» Try it: All of the entries should be restated word for word, but without their pictures.

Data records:

•••

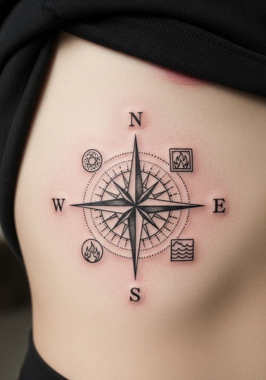 Including the four elements around a compass deepens the symbolism of balance. Ribcage placement keeps it private but is painful. I’ve seen this used as a hidden mantra. Discuss the icon size—tiny element marks can vanish, so ask for bold icons that still feel delicate.
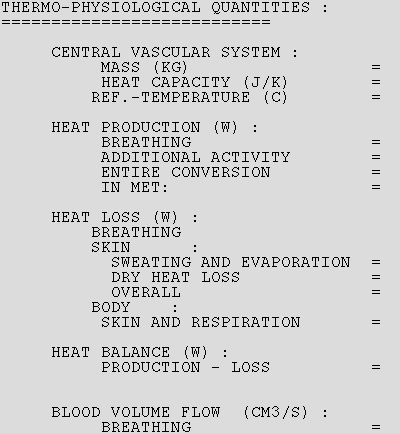 passenger_tim_xx.txt 文件的这一部分包含运行开始时与乘客血管系统、热生成和热损失相关的信息。
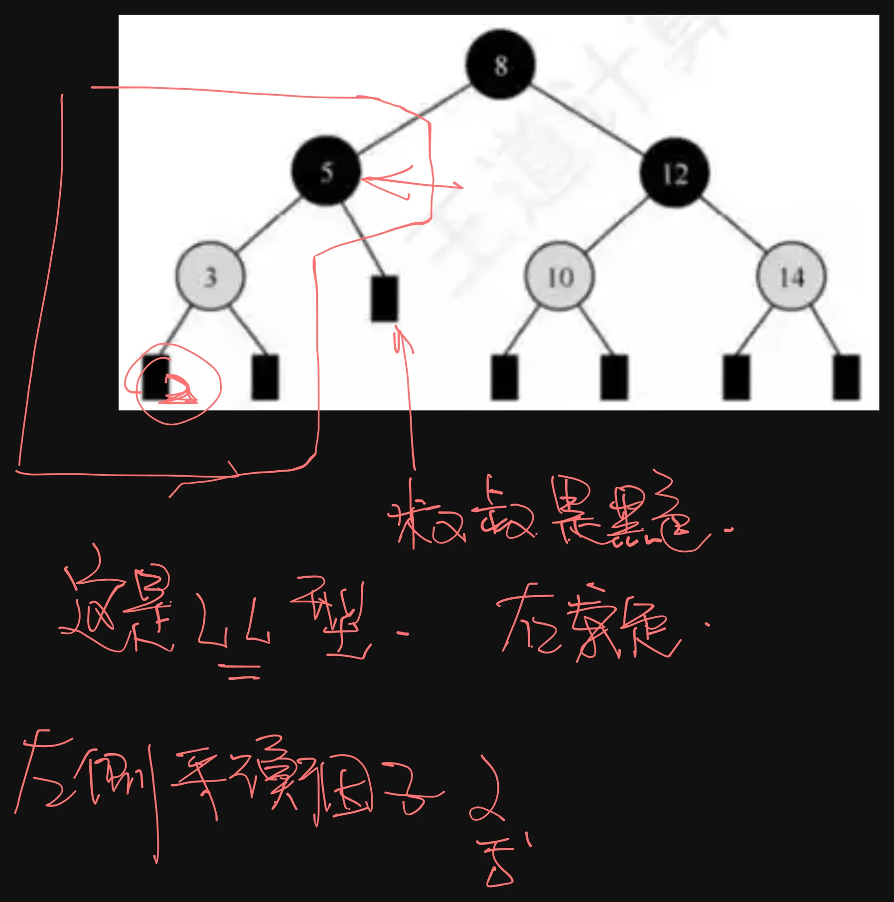 插入结点的叔叔是黑色,LL,RR,LR,RL旋转,然后变色
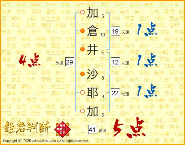 加(5画)倉(10画)井(4画) 沙(8画)耶(9画)加(5画)
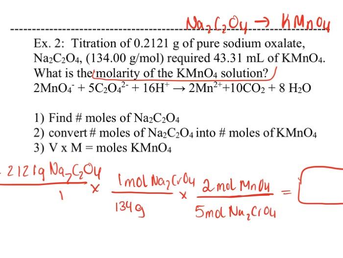Solved Nazl204 KMnO4 Ex. 2 Titration of 0.2121 g of pure

•••

» Expected output:
 Including the four elements around a compass deepens the symbolism of balance. Ribcage placement keeps it private but is painful. I’ve seen this used as a hidden mantra. Discuss the icon size—tiny element marks can vanish, so ask for bold icons that still feel delicate.
 passenger_tim_xx.txt 文件的这一部分包含运行开始时与乘客血管系统、热生成和热损失相关的信息。
 插入结点的叔叔是黑色,LL,RR,LR,RL旋转,然后变色
 加(5画)倉(10画)井(4画) 沙(8画)耶(9画)加(5画)
Solved Nazl204 KMnO4 Ex. 2 Titration of 0.2121 g of pure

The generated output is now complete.